A respeito do falecimento de Osvaldo Porchat

Para o pesar daqueles que amam e estudam filosofia, faleceu no dia quinze deste mês o grande filósofo paulista Oswaldo Porchat Pereira.

Pouco conhecido fora da universidade, Porchat era antes de tudo um intelectual querido. Aqueles que fizeram contato com sua obra ou com a pessoa humilde e discreta por detrás dela acabavam desenvolvendo afeição por ambas e, embora tenha tido vários adversários ao longo de sua carreira (sobretudo entre seus próprios discípulos), Porchat jamais criou inimigos; mesmo seus objetores lhes prestavam muito respeito. Por sinal, o primeiro livro publicado em sua homenagem, O filósofo e sua história, reunia não só artigos que analisavam sua obra e o peso delas na filosofia brasileira como também artigos com críticas minuciosas aos seus textos que foram nitidamente consideradas por ele na evolução de sua obra.

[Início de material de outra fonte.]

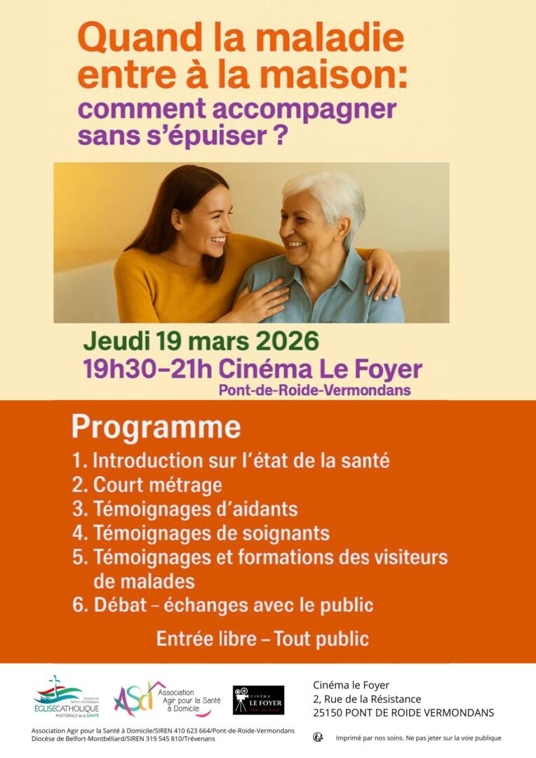 La Pastorale de la Santé et l’Association Agir pour la Santé à Domicile vous invitent à une conférence-débat ouverte à tous, au cinéma Le Foyer, autour de ces questions qui concernent chacun d’entre nous, aujourd’hui ou demain.

De professor de latim à especialista na obra de Aristóteles, de tomista fervoroso a continuador do ceticismo de Sexto Empírico, Porchat passou por diversas fases em seu pensamento, sempre agraciando a universidade com textos lúcidos e belos os quais explicavam exatamente os motivos de suas mudanças. Tratava-se de um intelectual brilhante de uma enorme importância para a filosofia brasileira tanto pelos pensadores que formou, quanto por suas teses originais e por sua importância como fomentador de um debate nacional na área.

Para quem quiser conhecê-lo com mais profundidade ou saber das especificidades de sua obra ou biografia, há locais melhores nesse sentido que este blogue (como o site da revista Sképsis ou mesmo o clássico Rumo ao ceticismo), porém, diante de sua morte, eu gostaria de lhe fazer minha própria homenagem precisando sua influência em minha formação.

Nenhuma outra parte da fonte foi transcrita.